**WHAT YOU WILL DO**
The response consists of the lines from the start of the material below through the line holding "2. Remove the", repeated word for word and without pictures.

**GIVEN INFORMATION**
________________________________________

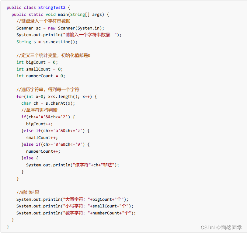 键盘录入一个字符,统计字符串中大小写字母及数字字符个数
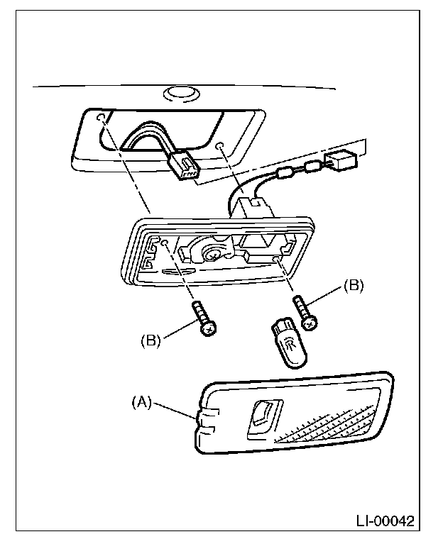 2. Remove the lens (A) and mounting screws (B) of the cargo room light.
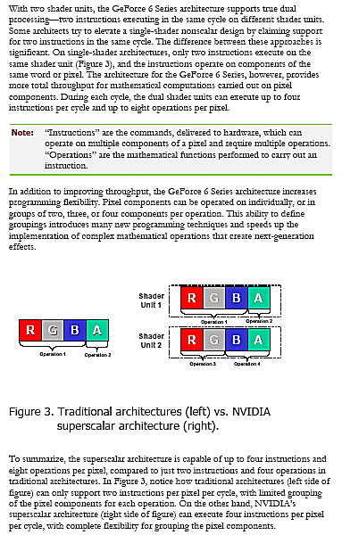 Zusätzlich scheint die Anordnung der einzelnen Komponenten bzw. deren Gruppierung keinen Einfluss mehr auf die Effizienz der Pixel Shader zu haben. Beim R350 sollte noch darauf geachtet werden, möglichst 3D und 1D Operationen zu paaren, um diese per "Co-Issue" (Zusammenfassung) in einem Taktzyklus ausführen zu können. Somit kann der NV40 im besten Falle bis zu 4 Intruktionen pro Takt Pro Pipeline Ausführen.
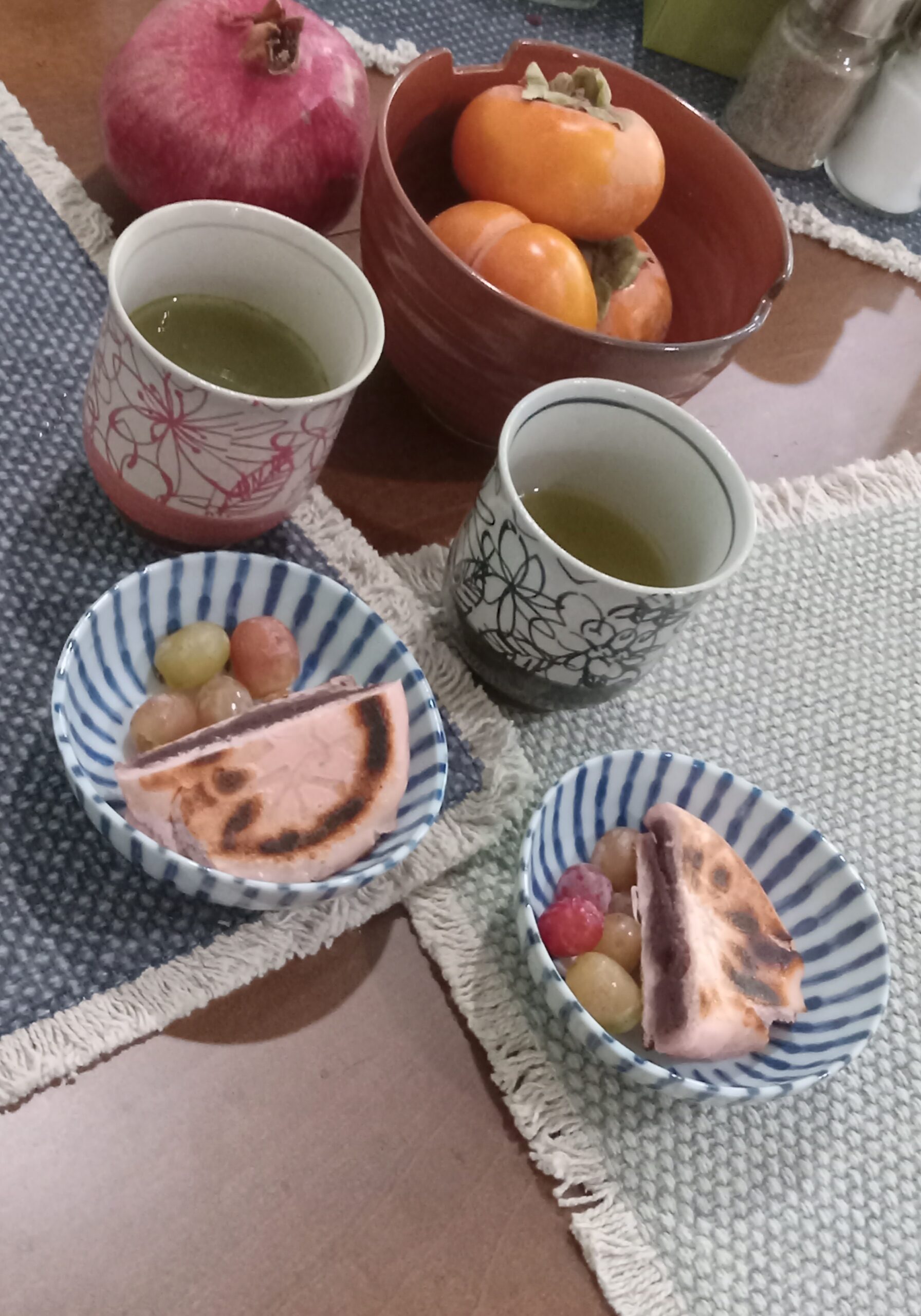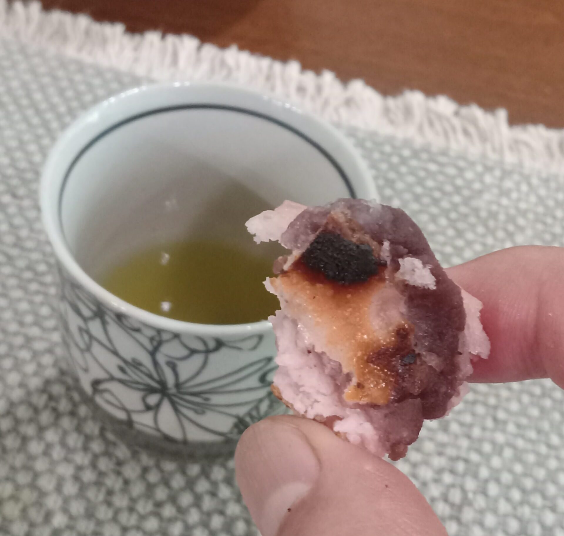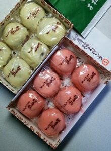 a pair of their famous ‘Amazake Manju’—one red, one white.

________________________________________

**SOLUTION FOR THIS TASK**
 键盘录入一个字符,统计字符串中大小写字母及数字字符个数
 2. Remove the lens (A) and mounting screws (B) of the cargo room light.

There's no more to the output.